(Entries provided Opens)

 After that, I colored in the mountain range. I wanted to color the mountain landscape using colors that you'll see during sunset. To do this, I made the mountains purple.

(Entries provided Closes)
(Entries provided Opens)

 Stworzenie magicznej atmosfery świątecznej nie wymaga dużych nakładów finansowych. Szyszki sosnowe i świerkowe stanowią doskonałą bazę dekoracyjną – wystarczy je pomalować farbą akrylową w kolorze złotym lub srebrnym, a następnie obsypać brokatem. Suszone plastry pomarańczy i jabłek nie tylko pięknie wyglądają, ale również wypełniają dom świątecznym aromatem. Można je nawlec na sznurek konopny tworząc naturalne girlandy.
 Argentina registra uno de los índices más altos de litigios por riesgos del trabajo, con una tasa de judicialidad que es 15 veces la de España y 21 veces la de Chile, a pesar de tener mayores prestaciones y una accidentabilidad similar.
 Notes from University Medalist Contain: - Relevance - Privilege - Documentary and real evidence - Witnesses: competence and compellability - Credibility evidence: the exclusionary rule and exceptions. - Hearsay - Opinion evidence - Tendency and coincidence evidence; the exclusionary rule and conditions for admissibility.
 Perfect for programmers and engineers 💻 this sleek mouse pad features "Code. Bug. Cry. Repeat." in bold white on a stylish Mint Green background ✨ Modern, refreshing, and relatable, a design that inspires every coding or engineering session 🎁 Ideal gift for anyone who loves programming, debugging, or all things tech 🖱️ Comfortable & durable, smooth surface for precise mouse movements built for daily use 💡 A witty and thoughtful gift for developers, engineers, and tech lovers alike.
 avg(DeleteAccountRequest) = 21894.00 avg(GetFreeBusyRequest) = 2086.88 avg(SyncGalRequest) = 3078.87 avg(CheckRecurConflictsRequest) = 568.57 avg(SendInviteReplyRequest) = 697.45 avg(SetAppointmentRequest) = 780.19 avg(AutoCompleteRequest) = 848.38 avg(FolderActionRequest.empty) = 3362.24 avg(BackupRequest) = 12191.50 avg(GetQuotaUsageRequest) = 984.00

(Entries provided Closes)
(Entries provided Opens)

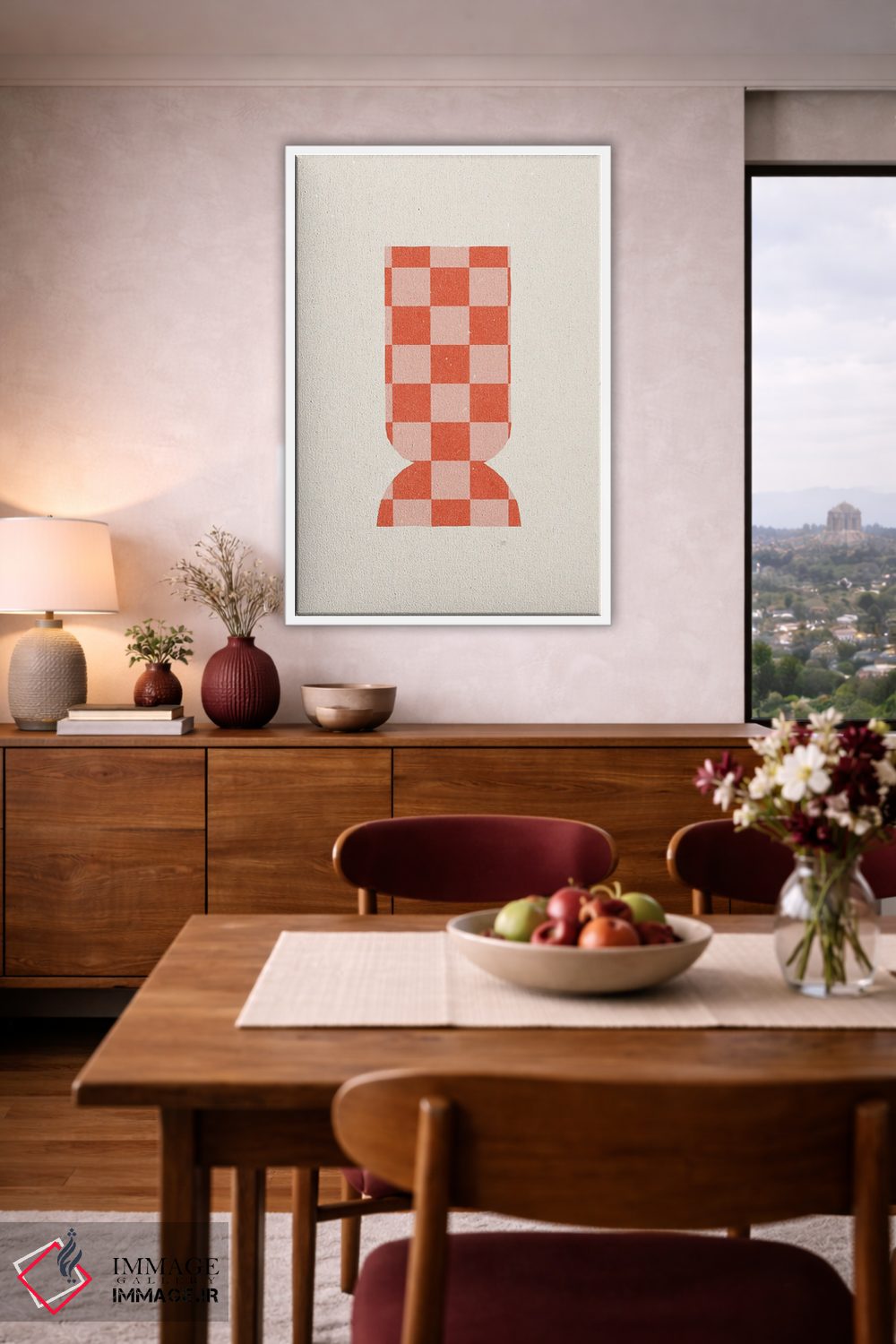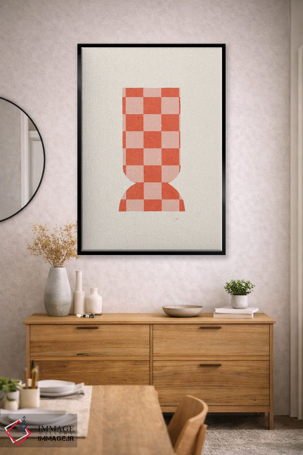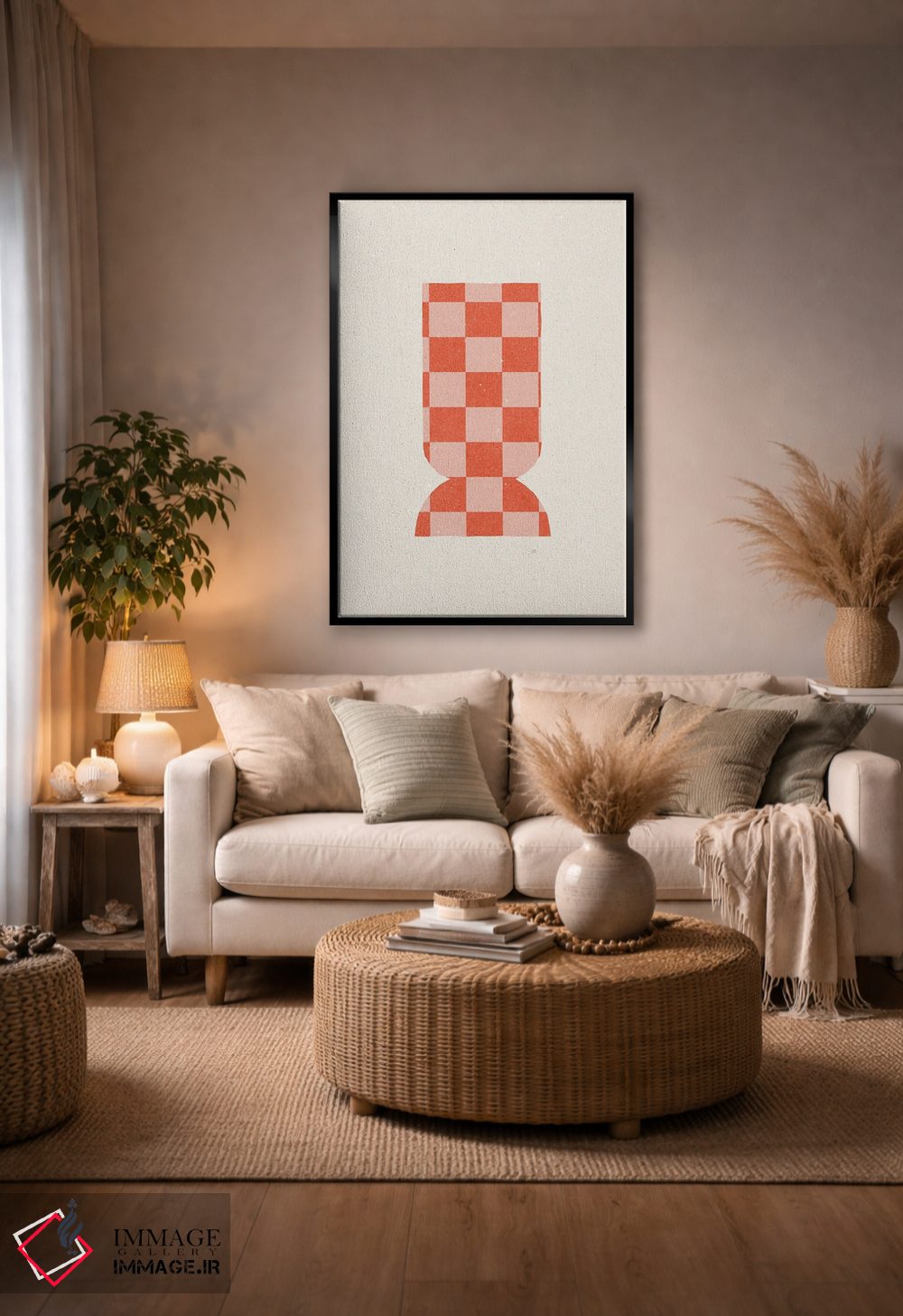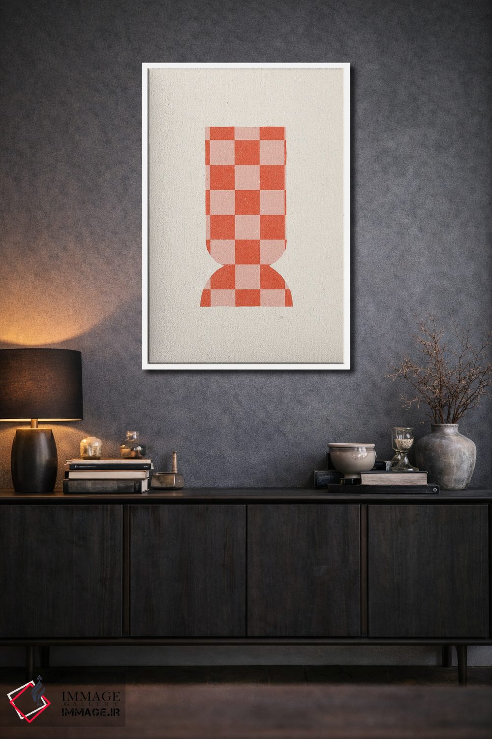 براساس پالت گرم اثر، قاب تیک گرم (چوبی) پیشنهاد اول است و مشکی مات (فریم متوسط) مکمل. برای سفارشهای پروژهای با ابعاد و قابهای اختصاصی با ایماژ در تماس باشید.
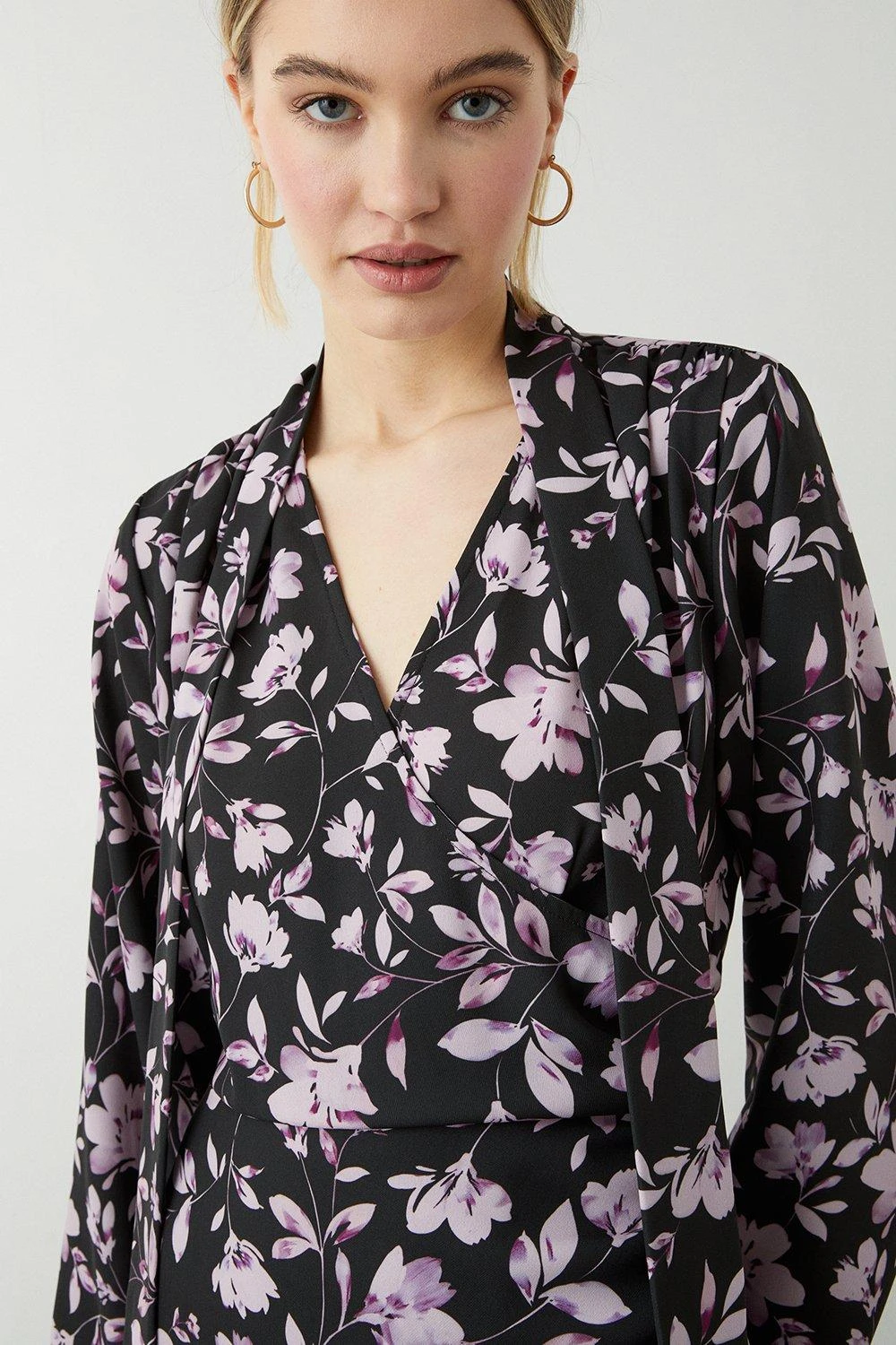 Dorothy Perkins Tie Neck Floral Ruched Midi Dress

(Entries provided Closes)

| What needs to be done |
Line count for "that": determine it from the data and answer with the number by itself.

| Task response |
2